A reader, who was sufficiently patient to read to this place, may say that I exaggerate, and all said above is not very essential, since the main problem of the Ukrainian politics is quite another, starting with the Central Rada, Directory, M. Grushevskiy, P. Skoropatskiy or even S. Petliura. For example, the problem is that, knowing well the Ukrainian history, the current President just tries to overcome the age-old political lack of discipline of the Ukrainian society. Maybe, the President, while risking his international reputation, tries to direct his motherland to the way, approved by his almost prosperous neighbors. For many not indifferent citizens it is quite clear that Ukraine needs a civilian Pinochet, who will without hesitations and compromises protect democracy and market freedoms. I am sure that in the modern political or — wider — intellectual spectrum of Ukraine we see figures who think so: Ukraine is not a very complicated state, and we do not need to confuse ourselves in political and juridical mazes of the Western liberalism. It was not accidental that V. Vinnichenko, living in Paris, compared Ukraine to a naive provincial woman. V. Gombrovich, living in Argentinean emigration, was sorry that in Poland there was not a single writer of Balsac’s or Dostoyevskiy caliber. We, in Ukraine, should rather be sorry that we had not an author of V. Gombrovich’s caliber. In the modern Ukrainian periodical literature it is easy to find such an argument that, unlike Lukashenko and Central Asia shepherds of nations, L. Kuchma tries to consolidate not a feudal socialism, but almost classical capitalism. And for such a sacred goal one must be prepared to suffer.

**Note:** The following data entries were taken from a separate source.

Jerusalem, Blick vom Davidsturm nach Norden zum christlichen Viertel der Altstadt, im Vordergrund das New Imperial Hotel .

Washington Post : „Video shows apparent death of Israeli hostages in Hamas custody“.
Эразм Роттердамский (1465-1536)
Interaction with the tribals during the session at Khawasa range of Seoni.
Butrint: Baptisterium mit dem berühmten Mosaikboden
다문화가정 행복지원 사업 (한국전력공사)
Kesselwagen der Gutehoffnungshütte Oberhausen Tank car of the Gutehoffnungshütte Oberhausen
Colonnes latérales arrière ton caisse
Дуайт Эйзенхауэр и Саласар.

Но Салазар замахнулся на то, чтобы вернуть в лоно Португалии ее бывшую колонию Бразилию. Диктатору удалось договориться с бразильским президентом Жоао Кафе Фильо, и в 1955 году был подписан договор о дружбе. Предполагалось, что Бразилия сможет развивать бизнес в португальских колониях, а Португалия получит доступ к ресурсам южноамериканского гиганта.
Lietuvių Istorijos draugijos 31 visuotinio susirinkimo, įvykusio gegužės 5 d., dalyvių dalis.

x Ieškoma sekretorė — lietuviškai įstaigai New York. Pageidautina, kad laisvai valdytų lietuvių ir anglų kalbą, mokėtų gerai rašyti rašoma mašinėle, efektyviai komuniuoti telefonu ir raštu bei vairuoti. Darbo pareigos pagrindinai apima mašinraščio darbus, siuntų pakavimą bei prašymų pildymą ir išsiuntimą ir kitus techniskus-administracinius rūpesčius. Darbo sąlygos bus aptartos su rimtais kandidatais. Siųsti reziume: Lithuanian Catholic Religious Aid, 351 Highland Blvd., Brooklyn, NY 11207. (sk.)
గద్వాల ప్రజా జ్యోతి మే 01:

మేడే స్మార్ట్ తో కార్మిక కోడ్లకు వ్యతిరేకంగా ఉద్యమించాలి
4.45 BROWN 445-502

Of course, for the sake of good goal one may suffer a little and even sacrifice something. Yet, the prospects of fast coming capitalism on the post-Soviet space, as I. Valerstein believes, are very dim. Instead, Ukraine has much stronger chances to become a passable semi-periphery of the modern civilized countries. Frankly, no one knows, which ambitions we can realize. But to make us to apply some efforts, we previously must get rid of insulting efforts applied to us by the authorities. I am sure that it is worthwhile to begin with providing some guarantees of the inviolability of the dignity of the still ‘lost Ukrainian citizen’.